Comprehensive scRNA-seq analysis to identify new markers of M2 macrophages for predicting the prognosis of prostate cancer

Background Prostate cancer (PCa) has become the highest incidence of malignant tumor among men in the world. Tumor microenvironment (TME) is necessary for tumor growth. M2 macrophages play an important role in many solid tumors. This research aimed at the role of M2 macrophages’ prognosis value in PCa. Methods Single-cell RNA-seq (scRNA-seq) data and mRNA expression data were obtained from the Gene Expression Omnibus database (GEO) and The Cancer Genome Atlas (TCGA). Quality control, normalization, reduction, clustering, and cell annotation of scRNA-seq data were preformed using the Seruat package. The sub-populations of the tumor-associated macrophages (TAMs) were analysis and the marker genes of M2 macrophage were selected. Differentially expressed genes (DEGs) in PCa were identified using limma and the immune infiltration was detected using CIBERSORTx. Then, a weighted correlation network analysis (WGCNA) was constructed to identify the M2 macrophage-related modules and genes. Integration of the marker genes of M2 macrophage from scRNA-seq data analysis and hub genes from WGCNA to select the prognostic gene signature based on Univariate and LASSO regression analysis.
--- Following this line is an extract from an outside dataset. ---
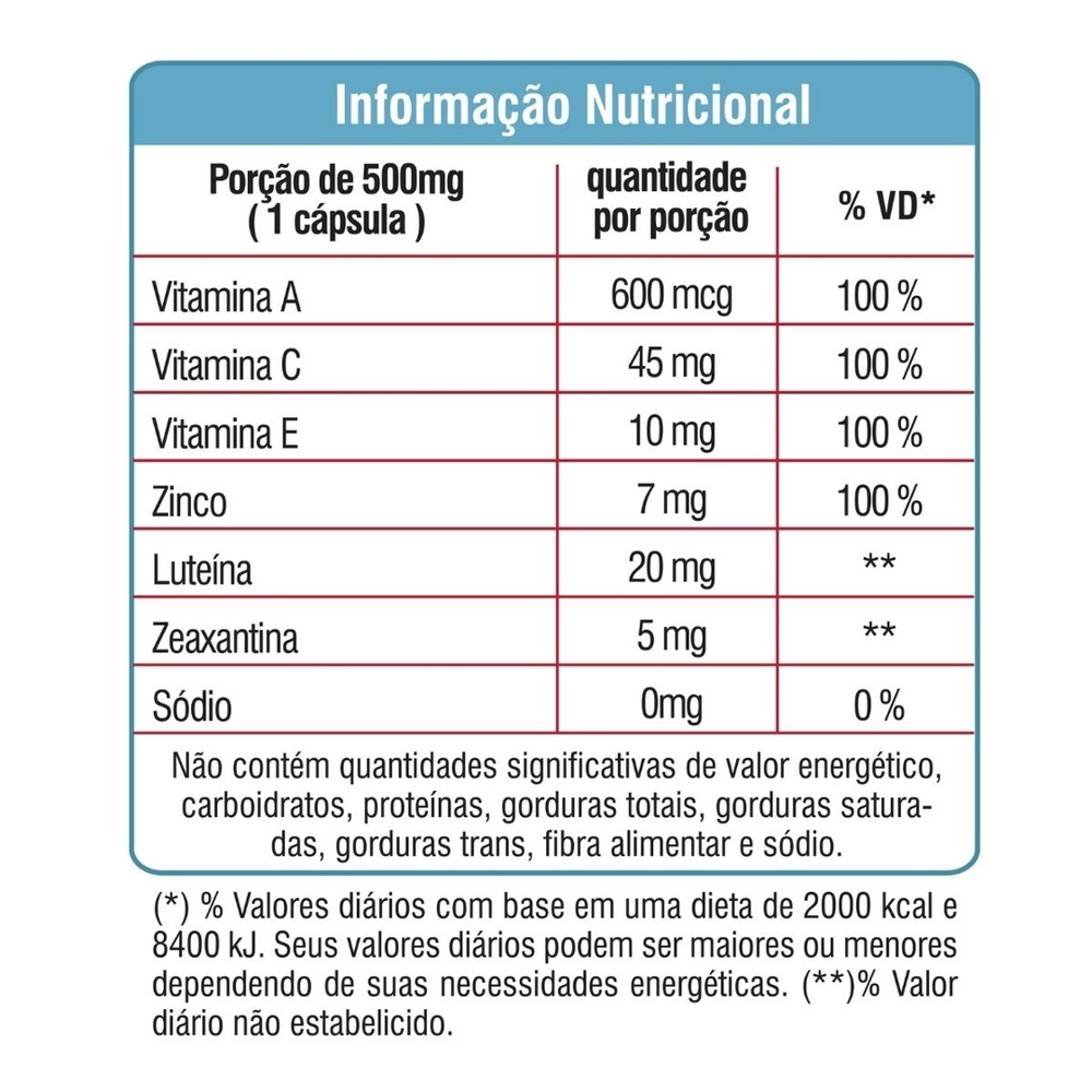 Luteína con Zeaxantina, que además incluye Vitaminas A, C, E y Zinc. Esta combinación de ingredientes es ideal no solo para proteger la visión, sino también para fortalecer la salud en general gracias a las propiedades antioxidantes y el apoyo al sistema inmunológico.

The risk score was calculated, and the DEGs, biological function, immune characteristics related to risk score were explored. And a predictive nomogram was constructed. CCK8, Transwell, and wound healing were used to verify cell phenotype changes after co-cultured. Results A total of 2431 marker genes of M2 macrophage and 650 hub M2 macrophage-related genes were selected based on scRNA-seq data and WGCNA. Then, 113 M2 macrophage-related genes were obtained by overlapping the scRNA-seq data and WGCNA results. Nine M2 macrophage-related genes (SMOC2, PLPP1, HES1, STMN1, GPR160, ABCG1, MAZ, MYC, and EPCAM) were screened as prognostic gene signatures. M2 risk score was calculated, the DEGs, Immune score, stromal score, ESTIMATE score, tumor purity, and immune cell infiltration, immune checkpoint expression, and responses of immunotherapy and chemotherapy were identified. And a predictive nomogram was constructed. CCK8, Transwell invasion, and wound healing further verified that M2 macrophages promoted the proliferation, invasion, and migration of PCa (p < 0.05). Conclusions We uncovered that M2 macrophages and relevant genes played key roles in promoting the occurrence, development, and metastases of PCa and played as convincing predictors in PCa.

Ferroptosis-related gene signature predicts prognosis and immune microenvironment in prostate cancer.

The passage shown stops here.